Le premier dîner-conférence de l’année organisé par le think tank Africa 21 s’est tenu le 14 mai 2015 à Genève. L’événement qui avait pour thème le Programme des Nations unies pour l’après-2015 et la place des droits de l’homme dans le Plan Sénégal Émergent (PSE), s’est révélé de haute facture tant par la diversité des participants que par la qualité des échanges occasionnés. Réunissant, les membres de l’Association, des chercheurs, des acteurs de la société civile genevoise ainsi que des représentants de la délégation permanente du Sénégal au Nations unies à Genève et du Haut-Commissariat des Nations unies aux droits de l’homme, ce dîner-conférence se voulait un cadre de réflexion prospective sur les liens entre le Programme des Nations unies pour l’après-2015, le Plan Sénégal Émergent (PSE) et les droits de l’homme.
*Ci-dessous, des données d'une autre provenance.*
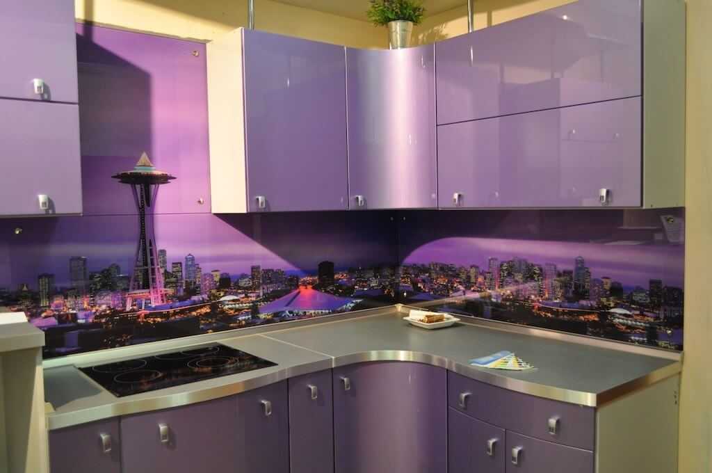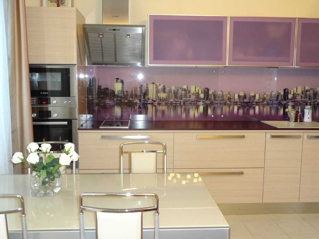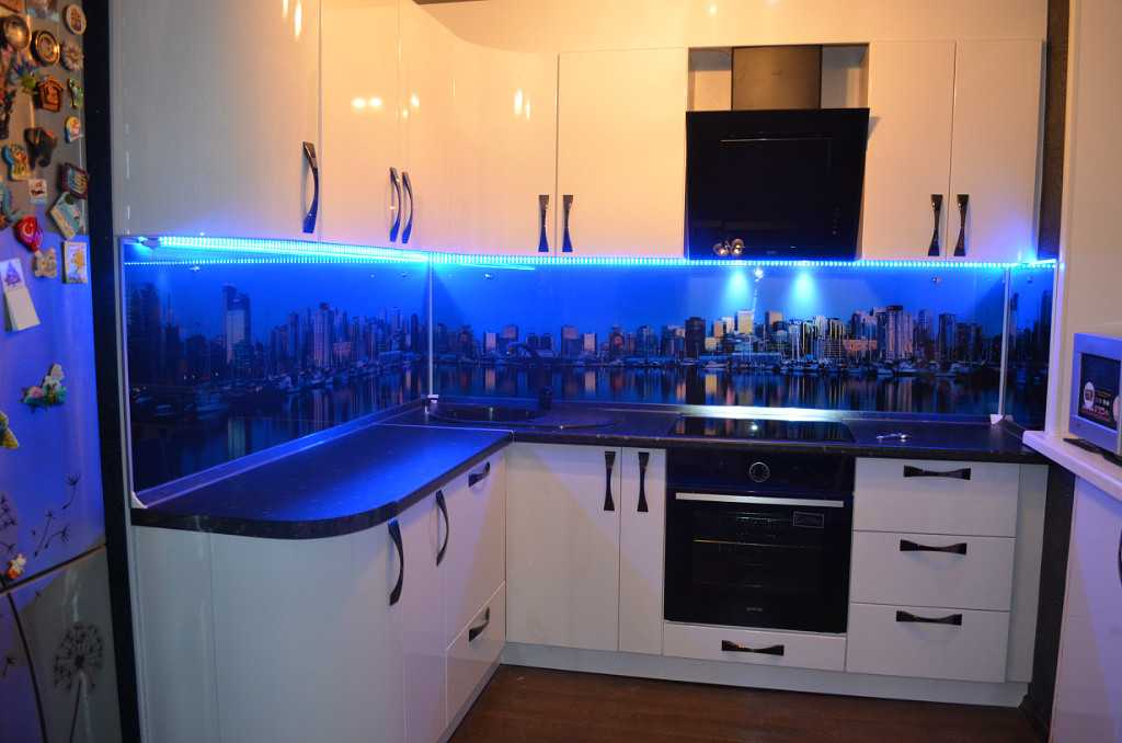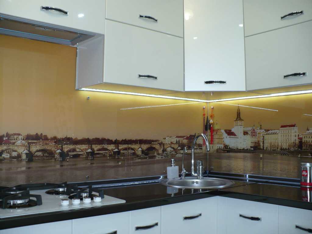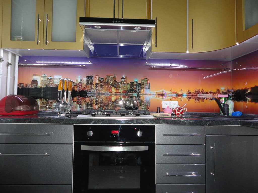 Если вы хотите всегда производить впечатление на гостей и любите необычные дизайнерские решения, присмотритесь к стеклянным скинали с подсветкой. Добавить неординарности интерьеру поможет фотопечать изображения вечернего вида на один из мегаполисов. Вечером вы сможете наслаждаться видом Парижа или Нью-Йорка, попивая чай или кофе.

A travers sa présentation, le Dr. El hadji Malick Sanghare, s’est attelé à démontrer la nécessité d’intégrer la protection des droits de l’homme dans l’instrument de planification nationale pour le développement qu’est le PSE. Partant d’une interrogation de départ sur la capacité du Programme des Nations unies pour l’après-2015 à structurer une meilleure garantie des droits de l’homme dans l’exécution du PSE, l’intervention a permis d’établir  des liens entre les deux instruments susceptibles de renforcer la protection de ces droits. Une lecture croisée des deux instruments à permis de dégager d’un côté des liens conceptuels spécifiant la centralité des droits de l’homme dans les politiques nationale et internationale de développement et de l’autre un cadre opérationnel favorable à leur effectivité.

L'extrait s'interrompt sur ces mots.